À partir de la figure 1 ci-dessus, nous pouvons souligner des schémas possibles pour une étude des fonctions :
Le tableau de variation sert de registre intermédiaire pour passer du registre algébrique (expression algébrique de la fonction) au registre graphique (courbe).
Le schéma 1 est celui qui est souvent mis en avant dans les classes de première C. L’étude d’une fonction se termine par sa représentation graphique. La courbe étant obtenue, il est rare que les enseignants interrogent leurs élèves sur d’autres schémas, par exemple, sur la relation entre la courbe d’une fonction dérivable sur un intervalle et la courbe de sa fonction dérivée (schéma 4).
Le type de travail suscité par le schéma 4 nous intéresse ; il relève d’une étude qualitative des fonctions et est favorable au développement des compétences de visualisation et à la pratique de l’argumentation.
L’utilisation d’un environnement informatique pour la gestion des graphiques nous semble nécessaire. D’où notre recours à la plate-forme WIMS (Web Interactive Multipurpose Server) et au boîtier Gigabyte Brix GB-BXBT-28071. Nous apportons quelques précisions sur ces deux outils technologiques.
Notre but ici n’est pas de présenter l’environnement de WIMS ; d’ailleurs nous prenons pour notre compte diverses réflexions déjà menées sur l’utilisation de WIMS dans les classes par A. Gnansounou (2018), L. Nono Tchatouo & Y. Tchaptchie Kouakep (2016), R. Mangeard (2008), F. Vandebrouck & C. Cazes (2005), M-J. Ramage & B. Perrin-Riou (2004), F. Guerimand (2003).
WIMS est un outil d’apprentissage en ligne qui, en utilisant un navigateur Internet, permet d’accéder à une base d’exercices interactifs et de créer des classes virtuelles. Il offre plusieurs fonctionnalités à l’enseignant pour la gestion de sa classe.

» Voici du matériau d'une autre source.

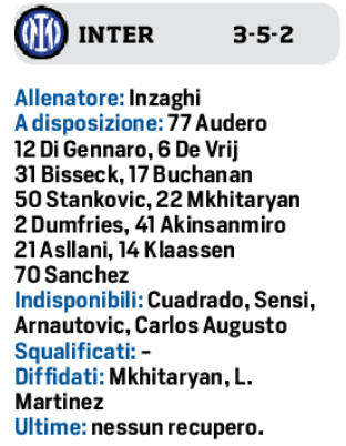 Entrambe le squadre reduci da una dolorosa e per l’Inter alquanto inaspettata eliminazione Champions, si affrontano questa sera a San Siro. I Campioni d’Italia in carica del Napoli affrontano a Milano i prossimi (inutile nascondersi) scudettati. Il CdS ha provato ad anticipare le scelte di Simone Inzaghi e Francesco Calzona:
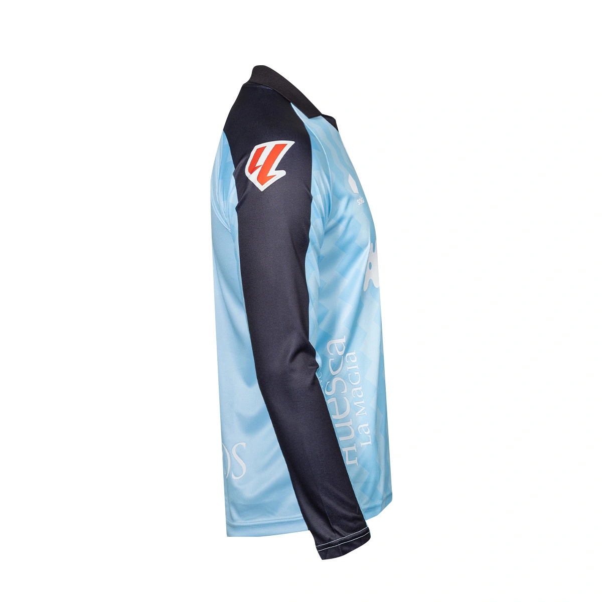 Het shirt van het eerste keeperstenue van Sociedad Deportiva Huesca voor het seizoen 2025-2026 is de perfecte keuze voor doelmannen die het verschil willen maken in elke wedstrijd. Met een ontwerp in Sky Blue en Black tinten, garandeert dit kledingstuk je niet alleen zichtbaarheid op het veld, maar omhult het je ook met een aura van autoriteit onder de lat.

L’utilisation de WIMS nécessite l’accès à Internet qui n’est pas garanti dans la plupart des établissements en République du Congo. Ceci justifie notre recours aux boîtiers Gigabyte Brix GB-BXBT-2807, chacun jouant le rôle de micro-serveur, dans lequel on y a installé WIMS et un dispositif de connexion à distance (wifi).

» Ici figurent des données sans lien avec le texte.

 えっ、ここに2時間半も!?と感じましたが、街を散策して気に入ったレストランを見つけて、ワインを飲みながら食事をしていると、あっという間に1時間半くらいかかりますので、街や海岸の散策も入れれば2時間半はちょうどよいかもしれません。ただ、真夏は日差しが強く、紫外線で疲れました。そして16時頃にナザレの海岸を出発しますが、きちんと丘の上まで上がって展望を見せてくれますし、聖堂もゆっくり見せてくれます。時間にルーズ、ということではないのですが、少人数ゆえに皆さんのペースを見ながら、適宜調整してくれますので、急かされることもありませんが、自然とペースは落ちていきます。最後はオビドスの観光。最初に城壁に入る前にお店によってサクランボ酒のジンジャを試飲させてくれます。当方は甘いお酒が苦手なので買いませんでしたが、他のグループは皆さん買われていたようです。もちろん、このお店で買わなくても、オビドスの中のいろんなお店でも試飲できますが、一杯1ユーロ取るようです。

Les micro-serveurs Gigabyte permettent d’accéder, hors connexion internet, par réseau wifi ou câblé à :
Les lycées que nous avons choisis pour faire passer notre expérimentation sont tous dotés de salles informatiques.
Le micro-serveur Gigabyte est choisi pour pallier au problème de connexion Internet. Une fois alimenté par le courant électrique, il suffit de le lancer à l’aide du bouton d’alimentation, au bout de moins d’une minute, le SSID (nom du réseau) apparaît parmi les réseaux wifi disponibles. Ensuite, lancer un navigateur sur l’URL, on saisit l’adresse http://10.42.0.1 et on arrive à la page d’accueil.
Pour lancer WIMS, on utilise le second lien du menu de droite et on arrive à la page suivante.
Notre problématique consiste à examiner les modalités d’intégration d’une étude qualitative des fonctions numériques en première C.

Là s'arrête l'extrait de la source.